@Rj Kro Its a hard question to evaluate without knowing a little more about the deal specifics. When evaluating industrial properties its important to consider their utility / usability for the likely tenant pool overall. For example I would want to know more about the building itself such as clear height, construction type, age of construction, is it sprinkled, how much office space? The 6 year lease is great but what happens if the tenant vacates at the end of the term? What are your prospects for re-leasing the building?
For example I would consider anything with less than 20' clear height functionally obsolete as industrial buildings are growing in height every year to accommodate new high bay distribution strategies. 24'+ is ideal. Similarly anything more than 10% office and the building may be considered "specialized" or "flex" by the tenant pool, which again handicaps you when it comes time to release.
regarding the lease itself, 6 year term is great from the perspective of a secured income stream but you need to consider where we are in the cycle. This differs market-to-market and I would defer to your local broker for accurate information but most people would tell you where in "the 7th inning stretch" at best which means there is a good chance we are in a down market in 6 years. You will have to make a decision with your broker about the true prospects of both releasing AND raising rents at the end of the term; if the market corrects and we see vacancy rates rise you may need to reduce rent just to keep the existing tenant in place. Additionally make sure you account for commissions in 6 years. Chances are, even in a renewal, your going to be paying leasing commissions of 3 - 8%. Personally I would not count the ability to push rents in 6 years, but again I dont know Ohio in detail and would defer to your agent.
Same story for the cap rate, this varies market-to-market and depends wholly on the building characteristics and credit of the tenant. You said they are a regional business with multiple locations? I would take that to mean 5-15 across multiple states; in my opinion 8-9% cap is low. Class A credit in primary locations (coastal cities, Denver, Atlanta, Chicago etc.) is going for 4-5% cap but I have seen Class A credit in secondary / tertiary submarkets around Seattle (one of the hottest industrial investment markets in the world) going for an 8% cap. Again you and your broker will know Ohio better than me but from a macro perspective my knee jerk reaction is you should push for 9-10%.

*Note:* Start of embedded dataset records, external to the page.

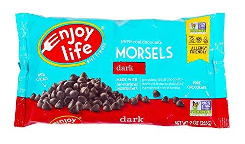 Includes: (4) 9 ounce package of Enjoy Life Dark Chocolate Regular Size Morsels (Chocolate Chips). Ingredients: Unsweetened Chocolate, Cane Sugar. *Certified GLUTEN-FREE! *FREE FROM THE 8 COMMON ALLERGENS! *ALLERGY FRIENDLY. This product is free from: wheat and gluten, dairy, peanuts, tree nuts, egg, soy, fish, shellfish. Also made without casein, potato, sesame, and sulfites. *Non-GMO Project Verified. *America's #1 Allergy Friendly Baking Chocolate! Great for baking or snacking! *Made in the USA! *Made by Enjoy Life. "Eat Freely." At Enjoy Life, their whole business is making smile-good foods that keep people's insides happy. That's why all of their foods are specifically made to be gluten-free and free of the 8 most common allergens. Their goal is to make delicious products that just about everyone can EAT FREELY. We promise they'll make you smile inside out!
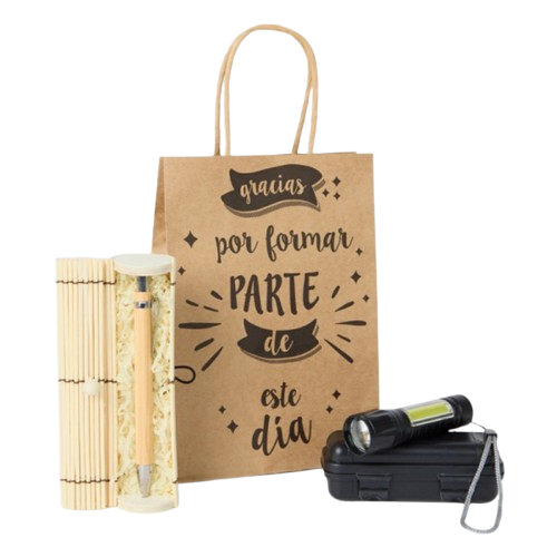 • El pack contiene linterna estuchada y bolígrafo en caja de bambú. Tus invitados al enlace disfrutarán de una maravillosa combinación de detalles, muy pácticos en el dia a día, con acabados de alta calidad.
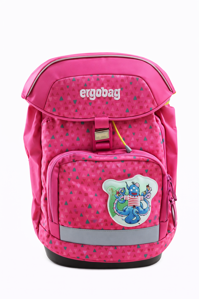 Der ergobag Prime ist ein beliebter, ergonomischer Schulrucksack, der speziell für Grundschulkinder (1. bis 4. Klasse, 100–150 cm Körpergröße) entwickelt wurde und sich durch sein mitwachsendes Tragesystem und die Verwendung von recycelten Materialien auszeichnet. ergobag Prime – Der ergonomische Schulranzen mit mitwachsendem TragesystemMit einem Leergewicht von ca. 1.100 Gramm bietet der ergobag Prime eine ausgewogene Kombination aus Stabilität und Tragekomfort. Das höhenverstellbare Your-Size-System ermöglicht eine individuelle Anpassung an die Rückenlänge des Kindes und unterstützt ein ergonomisches Tragen über mehrere Schuljahre hinweg. Der Magnetverschluss erlaubt ein einfaches, einhändiges Öffnen und Schließen. Das gepolsterte Rückenteil sowie ergonomisch geformte Schultergurte sorgen für eine gleichmäßige Lastverteilung und einen stabilen Sitz. Das flexible Rucksackdesign passt sich dem Inhalt an und hält den Schwerpunkt nah am Rücken.Hauptmerkmale und ErgonomieDer ergobag Prime kombiniert das ergonomische Konzept moderner Trekking-Rucksäcke mit den Anforderungen an Schultaschen. Mitwachsendes Tragesystem: Das Herzstück ist das "Your-Size-System", ein höhenverstellbares Rückensystem, mit dem der Rucksack präzise an die Körpergröße des Kindes von 100 cm bis 150 cm angepasst werden kann.Gleichmäßige Gewichtsverteilung: Ein gepolsterter Beckengurt (Hüftgurt) und ein Brustgurt verlagern das Gewicht von den Schultern auf das stabilere Becken, was den Rücken entlastet und für optimalen Tragekomfort sorgt.Anatomische Formgebung: Die Rückenpartie ist ergonomisch geformt und gepolstert, um sich eng an den Kinderrücken anzuschmiegen. Ein interner Tunnelzug komprimiert den Inhalt und hält ihn nah am Körper, um die Hebelwirkung zu minimieren.Stabilität und Organisation: Eine stabile, wasserdichte Bodenwanne sorgt für einen sicheren Stand. Im Inneren helfen ein unterteiltes Hauptfach und eine separate Heftebox, Ordnung zu halten und Eselsohren zu vermeiden. Materialien und NachhaltigkeitDer ergobag Prime setzt auf Nachhaltigkeit und verantwortungsvolle Produktion. Recycelte Materialien: Die Außenstoffe des Rucksacks werden zu 100 % aus recycelten PET-Flaschen hergestellt (ca. 16 Flaschen pro Rucksack).Wasserabweisend: Die Materialien sind imprägniert und mit einer Wassersäule von 1.500 mm stark wasserabweisend. Die Bodenplatte ist wasserdicht, um den Inhalt vor Feuchtigkeit zu schützen.Fair Wear Foundation: Ergobag ist Partner der Fair Wear Foundation und verpflichtet sich zur Einhaltung fairer Arbeitsbedingungen. Individualisierung und ZubehörDer Rucksack kann individuell an den Geschmack des Kindes angepasst werden. Kletties: Der Prime verfügt über Klettflächen, die mit austauschbaren Kletties (Klettbildern) versehen werden können, um das Design zu personalisieren.Sichtbarkeit: Reflektierende Elemente rundherum sorgen für bessere Sichtbarkeit im Straßenverkehr, obwohl das Modell selbst nicht nach der strengeren DIN 58124 Norm zertifiziert ist. Optionale, fluoreszierende Zip-Sets können für zusätzliche Sichtbarkeit angebracht werden.Prime Set: Der Rucksack ist oft als umfassendes Set erhältlich, das neben dem Rucksack auch einen Sportrucksack/Turnbeutel (der befestigt werden kann), ein gefülltes Federmäppchen, ein Schlampermäppchen und eine Heftebox enthält.
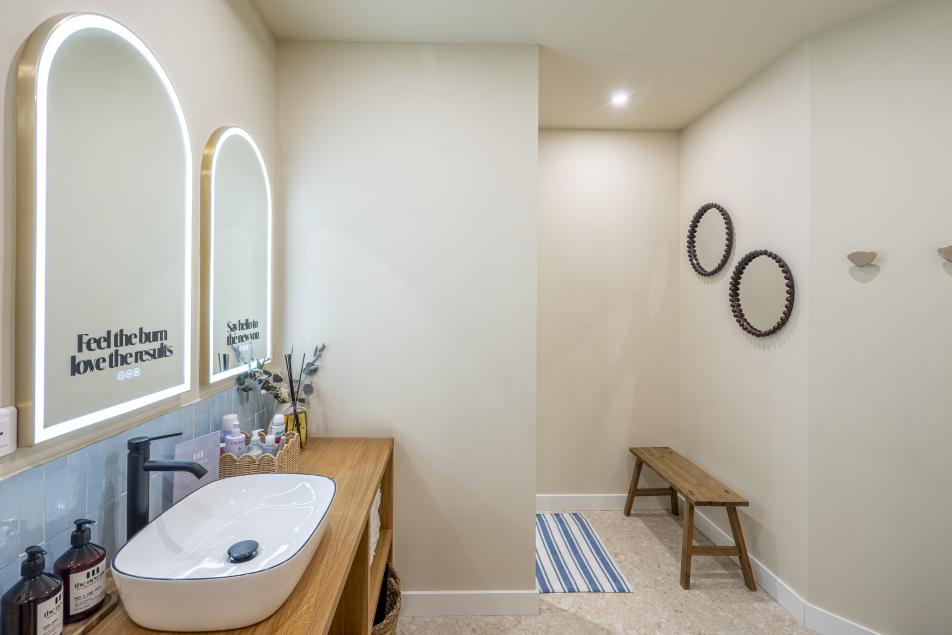 La conception du studio s'est appuyée sur une charte graphique définie par le groupe THE NEW ME, que nous avons déclinée dans l'espace afin de respecter pleinement leur identité.
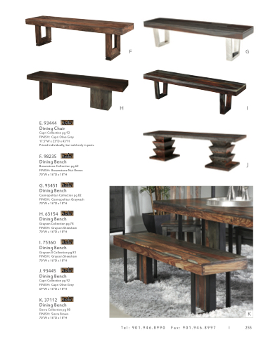 Dining Bench Capri Collection pg 92 FINISH: Capri Olive Grey 69”W x 16”D x 18”H
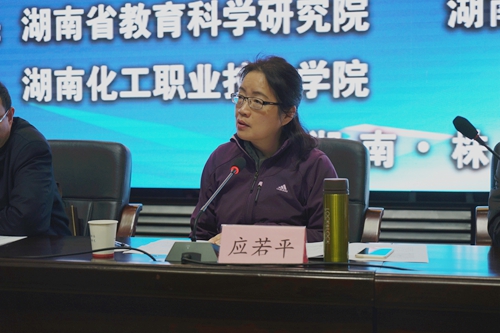 应若平副厅长在会上讲话,她传达了李克强总理12月2日在推进职业教育现代化座谈会上的重要批示,即要切实把职业教育摆在更加突出的位置,加快构建现代职业教育体系。坚持面向市场、服务发展、促进就业的办学方向,进一步深化改革创新,校企合作,积极鼓励和支持社会力量参与,努力建成一批高水平的职业学校和骨干专业。传达了12月12日陈宝生部长在现代职业教育发展推进会上用“香”、“ 亮”、 “忙”、“ 强”、“ 活”、“ 特”六个关键字对职业教育发展提出的明确要求,结合我省实际,就如何推进职业教育产教融合问题进行思考。

Lastly you said the building has sat for a year, major red flag in such a hot market. For this fact alone I your default has to be there is unknown hair on the deal. Has it been under contract before? If so the problem could range from unknown deferred maintenance on the property to unfavorable language in the lease; if it has not been UC in the 12 months its been listed its likely because of any of the above issues or a combination thereof. The tenant credit isnt as strong as you think coupled with a subprime location and functional obsolescence of the building.
Bit of a ramble with no definitive answer, feel free to respond or PM me more details if you want to continue the convo.